A Katyusha struck in the next block before she could cover her ears and the wham seemed to slice off the top of her head. She crouched on steps going down to a cellar, crying and clasping her ears till the pain dimmed. She took off her gown and put the black habit on. It was dark and confining, like wearing chains; her body couldn't breathe. She hid the bedspread under the stairway and went to Nahr Ibrahim, looking down it to the Place des Martyres where the gut-shot man had fallen, two hours ago, in the glow of the Amal tank.

Mortars were falling there now. She took the trench across Nahr Ibrahim, the habit cloying at her knees. There were Phalange in the basements going up to the Life Building and machine guns at both ends of the street. Bullets and rockets kept ricocheting down into the street. A Phalange grabbed her arm. “No more.”

“My father's in that basement, by the Life Building.”

“A 240 went all the way to the basement before it exploded. There's nothing there, sister.”

“He could have moved to the next basement ... the Life Building. I've got to try.”

“I've been there. It's just storage.”

“Storage?”

“You can't stay here, sister. Please.”

She pulled the two halves of the crucifix from her habit. “See what they did? They broke the tree on which the Lord died. But we will join it back together. I swear to you, on this broken cross...”

He backed away a little, watching her, slightly raised the rifle. “I can't let you in, sister. You go home now. Back up to Sacré-Coeur.”

She scanned the Life Building, the other streets coming in, all guarded. With a chuckle another rocket left the top floor, swooshing toward Muslim lines. The key to Mohammed. She backed away. “You should have more pity.”

“Don't beat a dead horse...”

She went round the corner and halfway up the back street till she found a sewer manhole but she couldn't pry it open. At the corner of Nahr Ibrahim she was back in the view of the Phalange at the Life Building but here was an open manhole with steel rungs down into moldy cold darkness. At the bottom, ten feet below the street, tunnels led off in five directions. In one direction, toward the Life Building, was a tiny distant light. Not using the flashlight, she crawled toward it. Tendrils of mud and wire hanging from the ceiling dragged across her face, snatched her hair. The sandy muck at the bottom was jammed with plastic bottles and plastic bags in clumps of twigs and broken glass bottles and again something dead – another rat, she thought. Her fingers bumped a fat, soft, short stick that she tried to pull out of the way but it was someone's hand.

She pulled back in pure terror then realized it was swollen, dead. That was the smell. And the reason why she hadn't been able to see more light was that he was blocking it.

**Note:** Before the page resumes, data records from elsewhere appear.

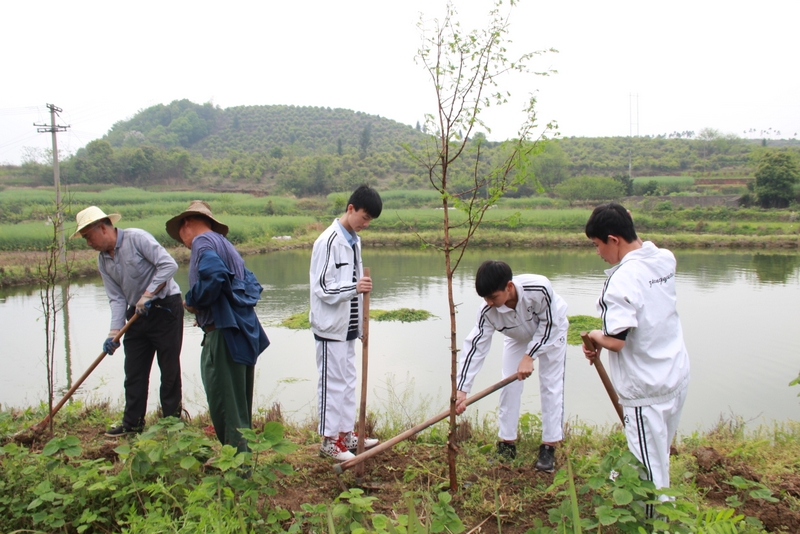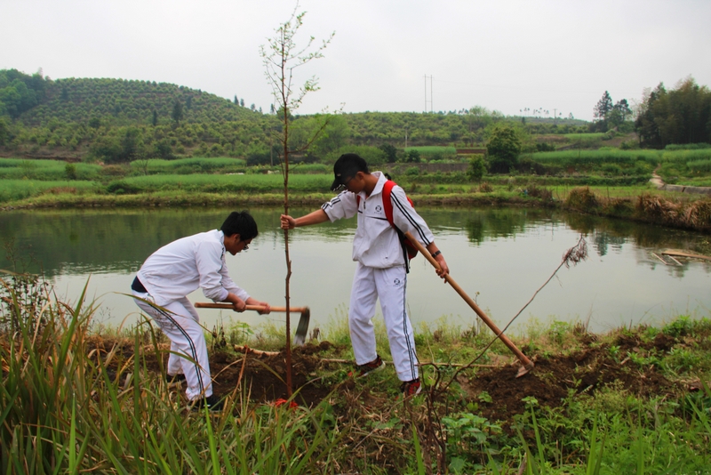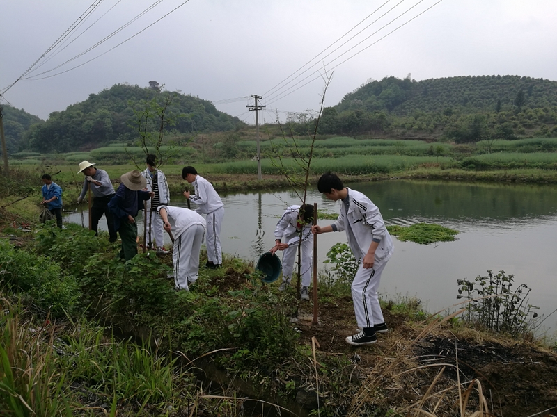 2018年3月31日,又是一个春光明媚的日子。一大早,一辆装有220棵水杉树苗的卡车和三辆分别载有50多个学生和10多个教职工的校车从正源学校出发,直奔小水镇畔塘村义务植树。上午9点多钟到达目的地,在当地乡村干部的指引下,同学们围绕村边、路旁、田埂以及水库边上迅速行动起来,有的挖坑、有的把树、有的提水,现场热火朝天,孩子们通红的脸上洋溢着劳动的快乐。近两个小时,完成植树任务。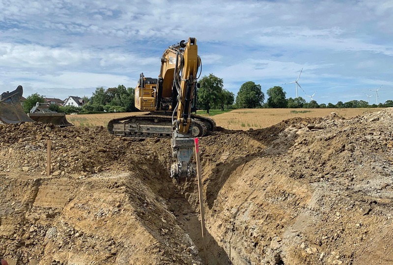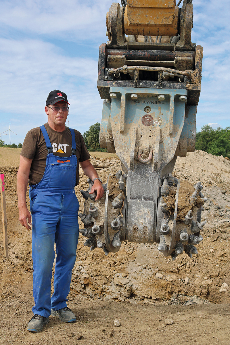 Rund 1,8 ha groß ist das neue Wohngebiet in Kirchberg an der Jagst. Um den Aushub für das Abwassersystem zu meistern, wählte Maschinenführer Krasny eine hydraulische Rockwheel-Anbaufräse G60, mit der sich die Herausforderungen der Bodenbeschaffenheit vor Ort lösen ließen: An der Oberfläche befanden sich Kalkstein und Lehmgemisch, das durch unerwünschte Ausbrüche die Grabenwände verbreiterte. Für den tiefer liegenden Fels war ein Hammer ungeeignet, da er immer zur Grabenmitte abrutschen würde. Die gewünschte Grabenbreite konnte nur mit einer Rockwheel gehalten werden. Das Kalklehmgemisch klebte zu größeren Steinplatten zusammen. Bei der Verwendung eines Hammers oder eines Reißzahns würde oft zu viel Material mit herausgerissen werden. Die Rockwheel-Fräse hingegen schnitt sich durch das Material und garantierte ebenmäßige Seitenwände in Trommelbreite.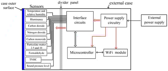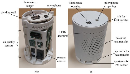 The sub-blocks of the system have been arranged as shown in Figure 2a, where the internal parts of the multi-sensor are visible. Temperature, relative humidity, and air-quality sensors have been placed on a vertical V-shaped mount to keep their sensitive elements as close as possible to the internal surface of the case. In such a way, a representative assessment of the physical quantities monitored by the device can be achieved. Conversely, the illuminance sensor and the microphone have been positioned on a different support on top of the structure to affect their spatial responsivity as little as possible. Light Emitting Diodes (LEDs) have also been implemented as two clusters of ten units per side to provide end users with visual feedback regarding the monitored environment. All the remainder sub-blocks shown in Figure 1, i.e., the interface circuits, the microcontroller, the power supply, and the WiFi module, have been placed on the opposite side of the structure, thus being not visible in Figure 2a. Finally, a dividing wall thermally separates the exploited sensors from potential sources of heat, which can be microcontrollers, WiFi modules, and power supply circuitry.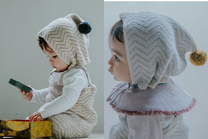 ホールガーメント製法での柄表現に挑戦したcardiganとknit pants、knit bonnetの新デザインyamaji momo・yamaji mizuは、何度も微調整を重ねた末に実現したクラフツマンシップの凝らされたアイテムです。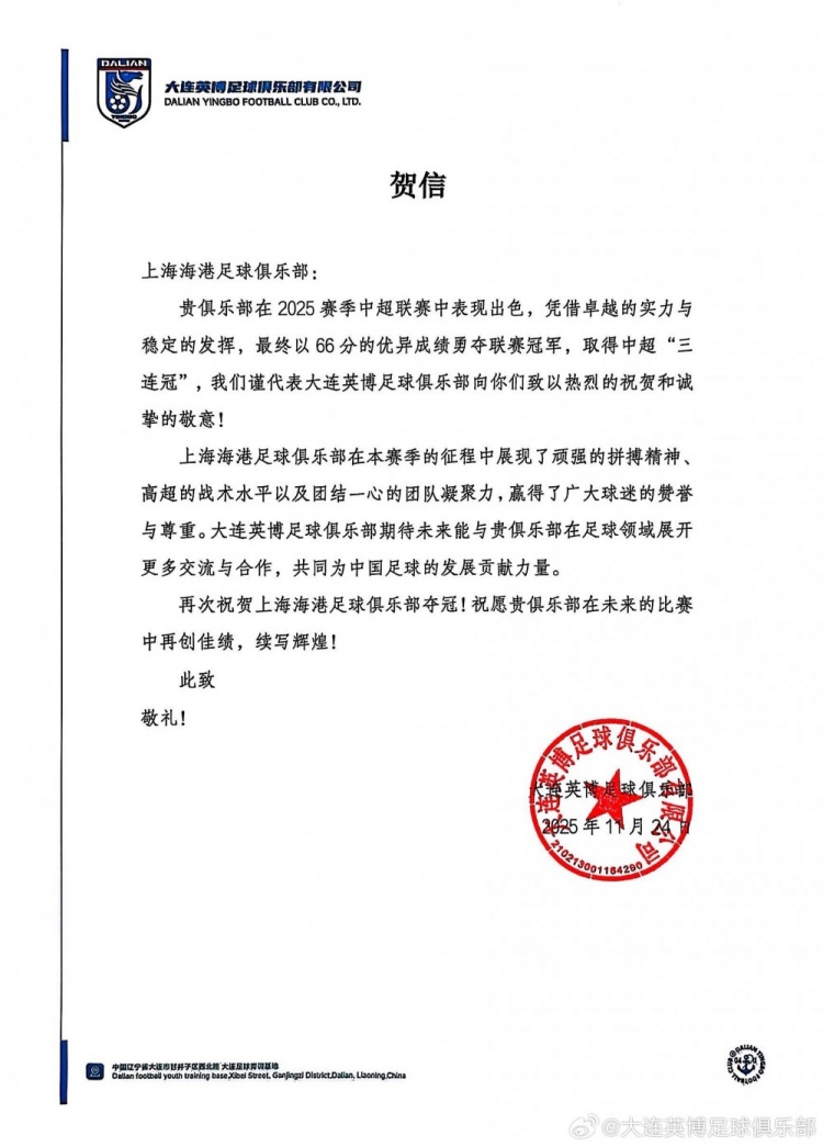 本日大连英博官方发布贺信,祝福上海海港夺冠,贺信写说念: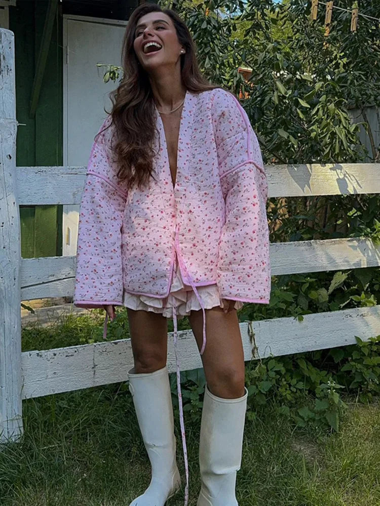 maoxiangshop - Printed Y Collar Lace Up Thin Coats Women Casual Loose Patchwork Long Sleeve Padded Jackets Female Autumn Chic Elegant Outwear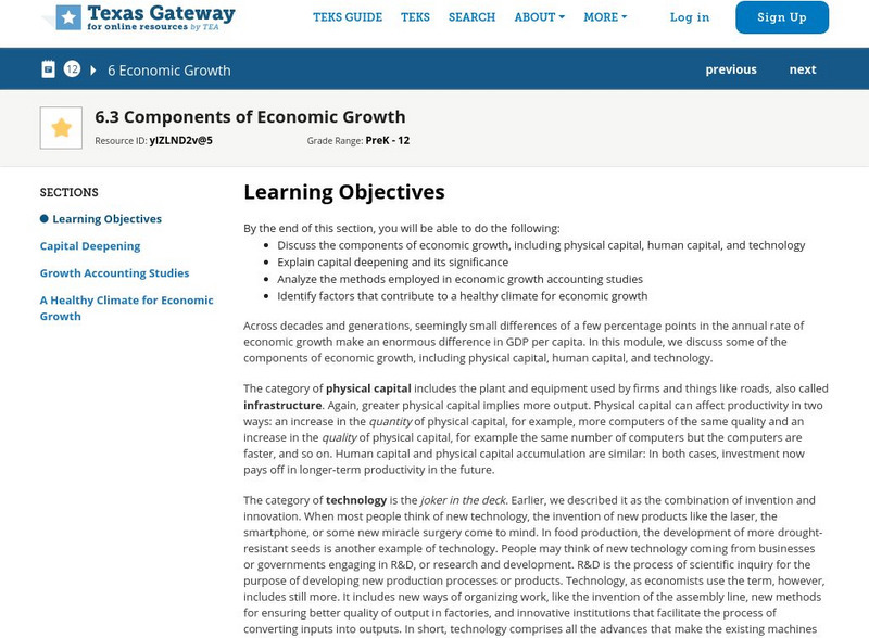 Texas Gateway: Ap Macroeconomics: Chapter 6: Components of Economic Growth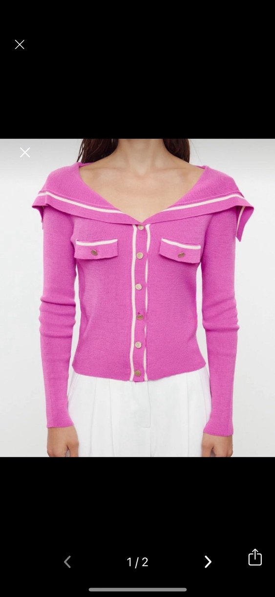 Düğmeli, V yakalı ve uzun kollu pembe triko. İki cep ve denizci yakasıyla günlük kullanıma uygun modern bir tasarım.

She lay trying to catch her breath, the top of the tunnel heavy on her back, cold muck soaking her chest. She could hardly breathe, her lungs wouldn't open.

She'd have to slow her pulse somehow and calm down but she was dying from no air. She had to breathe, let the thick cold air go slowly in and out. Slowly, she told herself, feeling the blood slacken, the arteries relax. It's just a bad idea that you're dying.

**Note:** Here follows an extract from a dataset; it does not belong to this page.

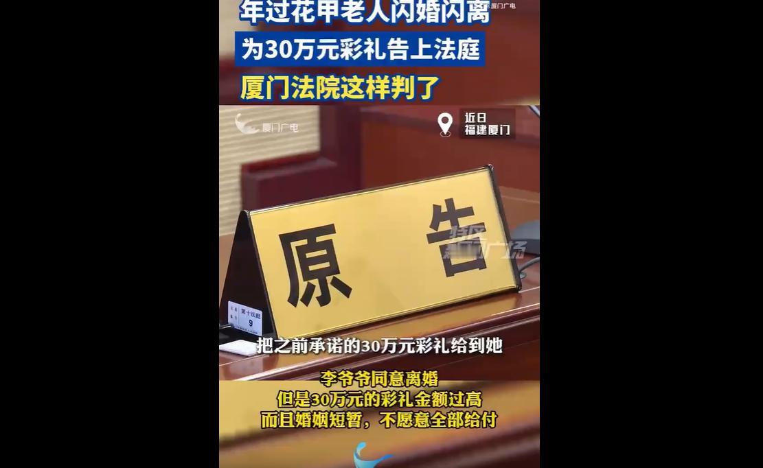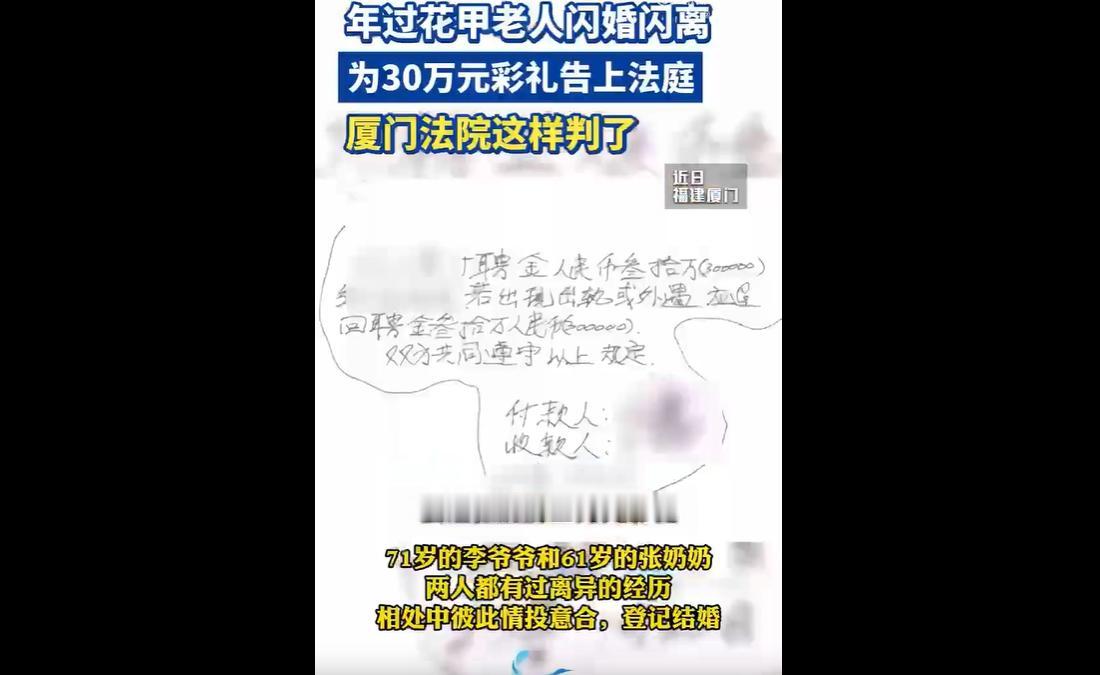 71岁李爷爷和61岁张奶奶,都是离异人士,本该珍惜晚年相伴的缘分,相处中情投意合后登记结婚,李爷爷还大方承诺给张奶奶30万彩礼,交付方式也挺“讲究”——把钱共同出借给案外人,两人一起当债权人,本以为是诚意满满,结果婚后才半年,就因为性格、生活习惯不合,吵得不可开交,张奶奶直接起诉离婚,还一口咬定30万彩礼得全归自己。 张奶奶61岁的年纪,不好好安享晚年,反倒玩起了“闪婚闪离要彩礼”的戏码,合着这黄昏恋,不是奔着相伴到老去的,是奔着30万彩礼来的? 李爷爷也不傻,同意离婚,但坚决不乐意把30万全给,毕竟婚姻就维持了半年,连个共同子女都没有,自己还承担了大部分生活支出,换谁都得觉得亏! 更有意思的是法院的判决,简直是清醒到解气! 法官助理说了,这彩礼金额确实太高,再加上两人结婚半年就离婚,共同生活时间短,没孩子,男方还掏了不少生活费,结合厦门本地习俗和人均可支配收入,酌情把彩礼降到10万,最终判决10万债权归张奶奶所有。 这波操作,既没让李爷爷白白吃亏,也没让张奶奶彻底落空,狠狠打了那些想靠闪婚敛财的人的脸。 网友看完直接炸锅:“黄昏恋变彩礼大战,太掉价了”“30万彩礼,这老太是想靠结婚发笔财吧”“法院判得太对了,凭啥闪婚半年就能拿30万”。 其实这事说白了,就是两位老人太功利,把婚姻当成了交易,张奶奶想靠结婚捞一笔彩礼,李爷爷以为30万就能买个晚年陪伴,结果竹篮打水一场空,最后闹到对簿公堂,颜面尽失。 更讽刺的是,本该是温馨的黄昏恋,硬生生被彩礼搅成了闹剧。 很多老人离异后,都想找个伴安度晚年,可这两位倒好,眼里只有钱,忽略了婚姻的本质是相伴相守,不是互相算计。

She crawled closer and tried to peer round the dead man. The light was from a wider tunnel beyond him, one that angled toward the Life Building. Taking a grip with her feet and knees at the sides of the tunnel she squirmed hard against him; pushing his shoulders, his blubbery face against hers.

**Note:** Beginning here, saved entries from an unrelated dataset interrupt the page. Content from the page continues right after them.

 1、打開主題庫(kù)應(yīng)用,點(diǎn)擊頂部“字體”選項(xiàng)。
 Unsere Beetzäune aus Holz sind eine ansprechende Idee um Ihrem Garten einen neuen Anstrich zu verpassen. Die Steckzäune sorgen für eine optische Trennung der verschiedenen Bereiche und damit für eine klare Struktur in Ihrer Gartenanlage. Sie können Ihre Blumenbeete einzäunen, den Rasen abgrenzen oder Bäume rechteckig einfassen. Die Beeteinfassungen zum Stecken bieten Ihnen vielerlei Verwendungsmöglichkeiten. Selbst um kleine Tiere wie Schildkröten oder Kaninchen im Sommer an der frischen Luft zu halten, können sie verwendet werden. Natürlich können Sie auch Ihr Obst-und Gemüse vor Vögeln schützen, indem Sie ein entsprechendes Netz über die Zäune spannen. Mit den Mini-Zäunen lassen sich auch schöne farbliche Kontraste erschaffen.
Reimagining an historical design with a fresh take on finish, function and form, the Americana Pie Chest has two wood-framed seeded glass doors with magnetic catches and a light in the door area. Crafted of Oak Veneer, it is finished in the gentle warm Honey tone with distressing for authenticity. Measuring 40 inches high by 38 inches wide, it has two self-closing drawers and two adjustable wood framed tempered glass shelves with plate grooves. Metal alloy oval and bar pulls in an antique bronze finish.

He wouldn't move. She squirmed backwards, inched the habit up round her hips and finally over her shoulders, and crawled forward dragging it behind her. She jammed tight against him, forcing her shoulders forward along him, her belly against his, his soft slippery flesh rolling against her, bubbling gas each time she pressed herself along him, making her hold her breath against the horrible stink. It wouldn't go away and finally she just breathed it, squeezing herself along his wet bulbous mass, pushing the air from her lungs and his to inch her way down him. She caught on his belt buckle and it was too narrow to breathe and she couldn't back up with his face in her crotch and hers in his and she realized someday someone would find them like this, two skeletons enmeshed, and the terror of it jammed her forward past his fat legs, free, gasping and free, dragging her legs away from him, down the tunnel into the light.